They included Patrycja Jablonska in Poland, Ephraim Baron in California, Mohammad Hijazi in Lebanon and many others far from Baltimore who ordinarily would not have a chance to study at the elite Johns Hopkins Bloomberg School of Public Health. They logged on to a Web site called Coursera and signed up. They paid nothing for it.
These students, a sliver of the more than 1.7 million who have registered with Coursera since April, reflect a surge of interest this year in free online learning that could reshape higher education. The phenomenon puts big issues on the table: the growth of tuition, the role of a professor, the definition of a student, the value of a degree and even the mission of universities.
"Massive open online courses," or MOOCs, have caught fire in academia. They offer, at no charge to anyone with Internet access, what was until now exclusive to those who earn college admission and pay tuition. Thirty-three prominent schools, including the universities of Virginia and Maryland, have enlisted to provide classes via Coursera.
For his seven-week course — which covers advanced math and statistics in the context of public health and biomedical sciences — Caffo posts video lectures, gives quizzes and homework, and monitors a student discussion forum. On the first day, the forum lit up with greetings from around the world. Heady stuff for a 39-year-old associate professor who is accomplished in his field but hardly a global academic celebrity.

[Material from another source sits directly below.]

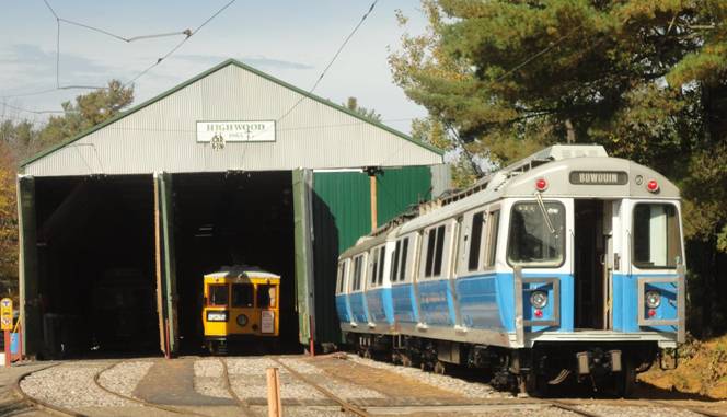 On the way back, I got to ride in the cab of the lead car. I filmed out the front windshield. For some reason, there was a step ladder with the words “Stolen from MBTA” engraved into the ladder. The ladder was intended to help evacuate the train in the event of an emergency. Why “Stolen from MBTA” was engraved into the ladder, I don't know. When we returned to the visitors centre, I photographed the Hawkers.

"I can't use another word than unbelievable," Caffo said. Then he found some more: "Crazy . . . surreal . . . heartwarming."
For universities, the word for it is revolutionary. And higher education's elite is in the vanguard.
In addition to for-profit Coursera, MOOC providers include a fledgling nonprofit competitor, edX, which has drawn hundreds of thousands of users to free online courses from Harvard University, the Massachusetts Institute of Technology and the University of California at Berkeley. On Oct. 15, the University of Texas system joined them.
"We want to dramatically increase access to learning for students worldwide while, at the same time, reinventing campus education," said Anant Agarwal, president of edX.
A third high-traffic MOOC platform, for-profit Udacity, declares that "higher education is a basic human right."
The courses pose questions for top universities: Are they diluting or enhancing brands built on generations of selectivity? Are they undercutting a time-tested financial model that relies on students willing to pay a high price for a degree from a prestigious institution? Or are they accelerating the onset of a democratized, globalized version of higher education?
MOOC students, for the most part, aren't earning credit toward degrees. Educators say that before credits can be awarded, they must be assured that there are adequate systems to prevent cheating and verify student identities. But at the very least, these students can claim to have been educated by some of the world's most prestigious universities.